Problem details: All of the listing is to be written out word for word, with the pictures left out.

BEGIN Material provided

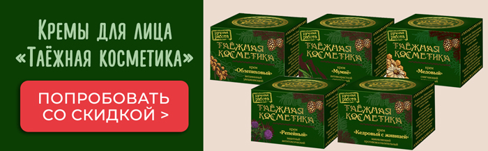 В составе всех кремов серии «Таёжная косметика» артезианская вода и кедровое масло холодного отжима, с добавлением эфирных масел, живицы, мумиё, мёда, экстрактов растений.
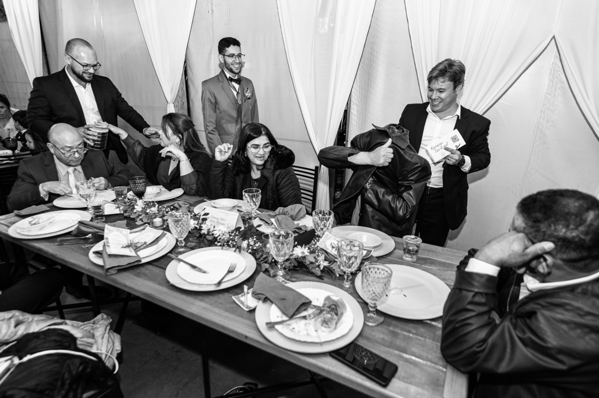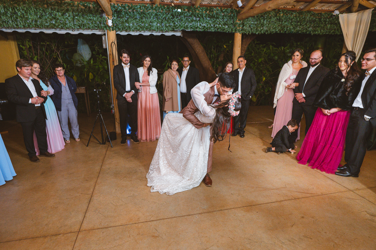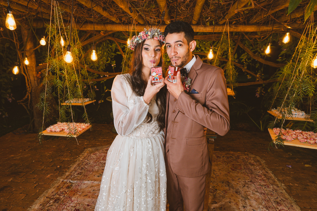 Depois de todos os trâmites, assinaram os papéis, fotografaram com seus convidados e padrinhos e foram recebidos por um corredor de felicidade. Com bolhas de sabão, os padrinhos receberam o mais novo casal da noite com muitas palmas e felicidades. Fizemos nossas tradicionais fotografias do casal, sozinhos aproveitando o ambiente maravilhoso que tínhamos, enquanto os convidados eram alocados em seus lugares. Depois, os recém-casados foram recebidos com muita festa dentro do salão e protagonizaram uma dança muito especial. Dançaram como profissionais e com passos muito delicados finalizando com um super beijo. Por fim, agradeceram a presença de todos e partiram para a festa. Fizemos ainda o brinde do casal que não toma álcool, e fizeram questão de usar um Chocomil para brindarem, super originais! Eles também fizeram suas fotos com a trend da música, e rapidamente todos haviam feito suas fotos com eles.
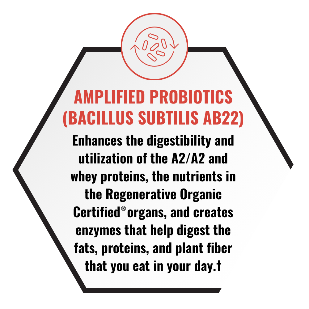- Amplified Probiotics (Bacillus subtilis AB22) further enhance the digestibility and utilization of the A2/A2 and whey proteins, as well as the nutrients that are abundant in the Regenerative Organic Certified® organs. In addition, these Amplified Probiotics create enzymes that will help you digest the fats, proteins, and plant fiber that you eat throughout the day.†
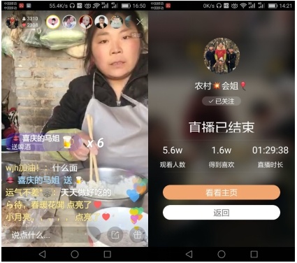 只有小学文化的会姐今年36岁,住在河南省濮阳县海通乡的一个村庄,自己有两个上小学的儿子,同时还因为弟弟离婚而负责照看弟弟家的儿子。会姐上传的700多个短视频作品里,大多都是会姐在地锅做饭,锅台边上围着三个紧盯菜锅的小男孩。会姐的饭菜做好后,会“老大的、老二的、老三的”依次盛上饭菜,那场景极其温暖、温馨。会姐做的饭菜几乎每天都不重样,除了应时应季的饭菜,会姐有时还根据直播间里用户的需求做出对方想学习的饭菜。会姐一个多小时的直播,经常会有五万六万的观看人数,其中三分之一的人会以点赞的形式表达对会姐的喜欢。

END Material provided

Written answer:
 В составе всех кремов серии «Таёжная косметика» артезианская вода и кедровое масло холодного отжима, с добавлением эфирных масел, живицы, мумиё, мёда, экстрактов растений.
 Depois de todos os trâmites, assinaram os papéis, fotografaram com seus convidados e padrinhos e foram recebidos por um corredor de felicidade. Com bolhas de sabão, os padrinhos receberam o mais novo casal da noite com muitas palmas e felicidades. Fizemos nossas tradicionais fotografias do casal, sozinhos aproveitando o ambiente maravilhoso que tínhamos, enquanto os convidados eram alocados em seus lugares. Depois, os recém-casados foram recebidos com muita festa dentro do salão e protagonizaram uma dança muito especial. Dançaram como profissionais e com passos muito delicados finalizando com um super beijo. Por fim, agradeceram a presença de todos e partiram para a festa. Fizemos ainda o brinde do casal que não toma álcool, e fizeram questão de usar um Chocomil para brindarem, super originais! Eles também fizeram suas fotos com a trend da música, e rapidamente todos haviam feito suas fotos com eles.
- Amplified Probiotics (Bacillus subtilis AB22) further enhance the digestibility and utilization of the A2/A2 and whey proteins, as well as the nutrients that are abundant in the Regenerative Organic Certified® organs. In addition, these Amplified Probiotics create enzymes that will help you digest the fats, proteins, and plant fiber that you eat throughout the day.†
 只有小学文化的会姐今年36岁,住在河南省濮阳县海通乡的一个村庄,自己有两个上小学的儿子,同时还因为弟弟离婚而负责照看弟弟家的儿子。会姐上传的700多个短视频作品里,大多都是会姐在地锅做饭,锅台边上围着三个紧盯菜锅的小男孩。会姐的饭菜做好后,会“老大的、老二的、老三的”依次盛上饭菜,那场景极其温暖、温馨。会姐做的饭菜几乎每天都不重样,除了应时应季的饭菜,会姐有时还根据直播间里用户的需求做出对方想学习的饭菜。会姐一个多小时的直播,经常会有五万六万的观看人数,其中三分之一的人会以点赞的形式表达对会姐的喜欢。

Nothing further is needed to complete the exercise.